Lent Day Eight: Naive

On more than one occasion, I have been accused of being naïve, so I went and looked up the meaning.

According to dictionary.com:
1. having or showing unaffected simplicity of nature or absence of artificiality; unsophisticated; ingenuous.
2. having or showing a lack of experience, judgment, or information; credulous: She’s so naive she believes everything she reads. He has a very naive attitude toward politics.
3. having or marked by a simple, unaffectedly direct style reflecting little or no formal training or technique: valuable naive 19th-century American portrait paintings.
4. not having previously been the subject of a scientific experiment, as an animal.
I think I’m ok with that. But that wasn’t always the case.

Back in the mid-nineties, I felt led to pursue my Doctor of Ministries degree. It seemed like the logical thing to do. I applied to the denominational seminary of the church I was a part of. I completed the first seminar and was totally in love with being back in school again. I raced into the second course with all kinds of enthusiasm and anticipation. Unfortunately, I ran headlong into a professor who rigidly held to position and style of teaching. I wasn’t deep enough or reflective enough. I didn’t see things his way.

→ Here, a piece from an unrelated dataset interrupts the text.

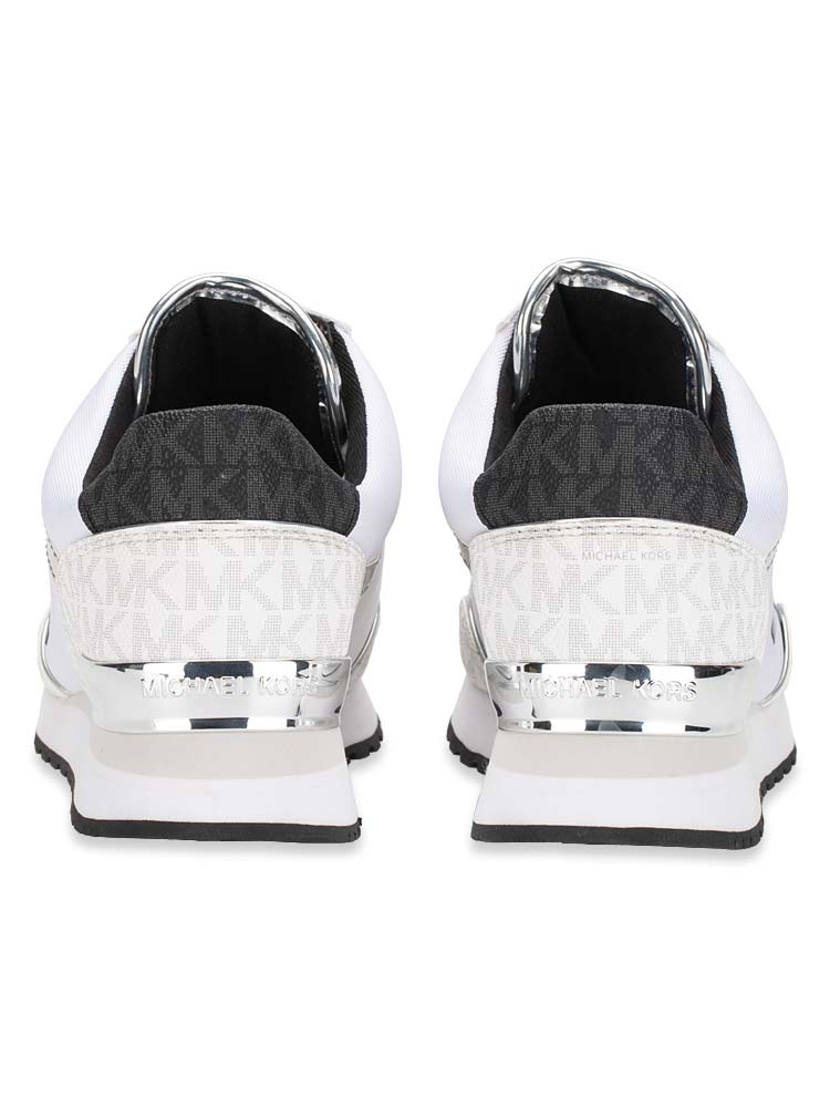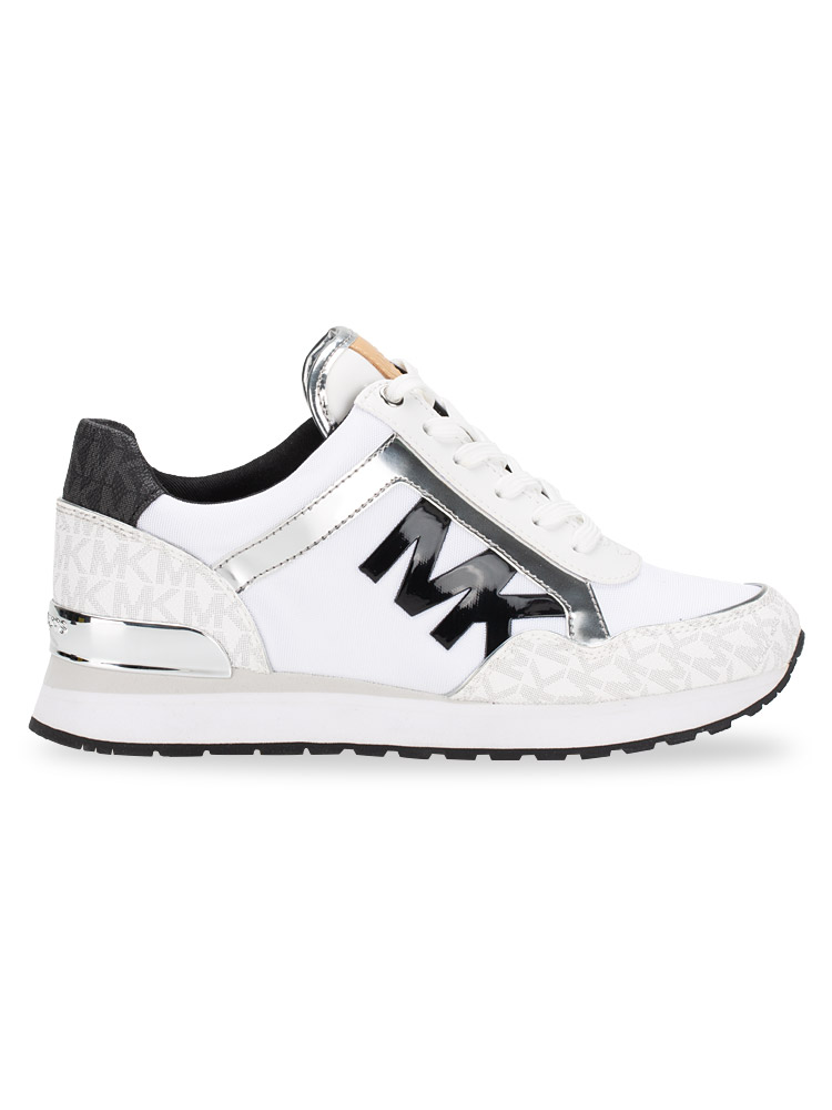 Our Maddy trainer is a sport-luxe style with a sophisticated touch. Designed in a classic silhouette, it features two-tone panels of Signature-print canvas with smooth and high-shine metallic accents .

He wanted to fail me. I worked hard in the course and tried to present my position and perspective. I was told that if I was hoped to advance in the process I would have to learn to “jump through the hoops” placed before me. I’m not a very good jumper, so I dropped out of the program.

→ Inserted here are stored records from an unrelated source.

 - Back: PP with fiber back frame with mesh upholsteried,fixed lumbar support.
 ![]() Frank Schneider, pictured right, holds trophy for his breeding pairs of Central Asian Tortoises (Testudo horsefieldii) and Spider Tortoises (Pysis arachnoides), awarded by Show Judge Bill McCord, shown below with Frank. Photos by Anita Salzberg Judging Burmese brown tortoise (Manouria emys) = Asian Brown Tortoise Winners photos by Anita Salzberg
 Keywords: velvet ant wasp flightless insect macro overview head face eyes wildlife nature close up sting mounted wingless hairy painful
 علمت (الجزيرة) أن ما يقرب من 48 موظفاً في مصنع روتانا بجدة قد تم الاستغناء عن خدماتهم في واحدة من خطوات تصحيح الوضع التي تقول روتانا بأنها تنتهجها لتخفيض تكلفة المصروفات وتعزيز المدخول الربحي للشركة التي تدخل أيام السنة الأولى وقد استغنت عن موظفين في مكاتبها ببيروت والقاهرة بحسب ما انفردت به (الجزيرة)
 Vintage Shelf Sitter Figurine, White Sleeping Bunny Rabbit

I’m especially happy that my brand of naivety includes the fourth definition from the list above! But the more I think about it, the more I believe that Jesus was looking for a certain level of naiveté from his own. Do you remember when the disciples were trying to identify their own importance, and how Jesus put them in their place?

1At that time the disciples came to Jesus and asked, “Who is the greatest in the kingdom of heaven?”
2He called a little child and had him stand among them. 3And he said: “I tell you the truth, unless you change and become like little children, you will never enter the kingdom of heaven. 4Therefore, whoever humbles himself like this child is the greatest in the kingdom of heaven. (Matthew 18:1-4, NIV)

I’d rather be simple than cynical, or arrogant. I’d rather be real than artificial (reminds me of Paul’s instruction to the Romans that their love was to be without hypocrisy). I want to be credulous. I want to be ready to believe and to trust. I especially want that kind of relationship with the creator of the universe who invites you and me to call him, “Daddy.”

Lent Day Seven: Accountability

In seminary, the first time around, I took a preaching course with Dr. Charles Munson. I was pastoring my first church and such an absolute rookie. One day in class, he made this statement: “There are no secret disciples. Either the disciple will kill the secret, or the secret will kill the disciple.”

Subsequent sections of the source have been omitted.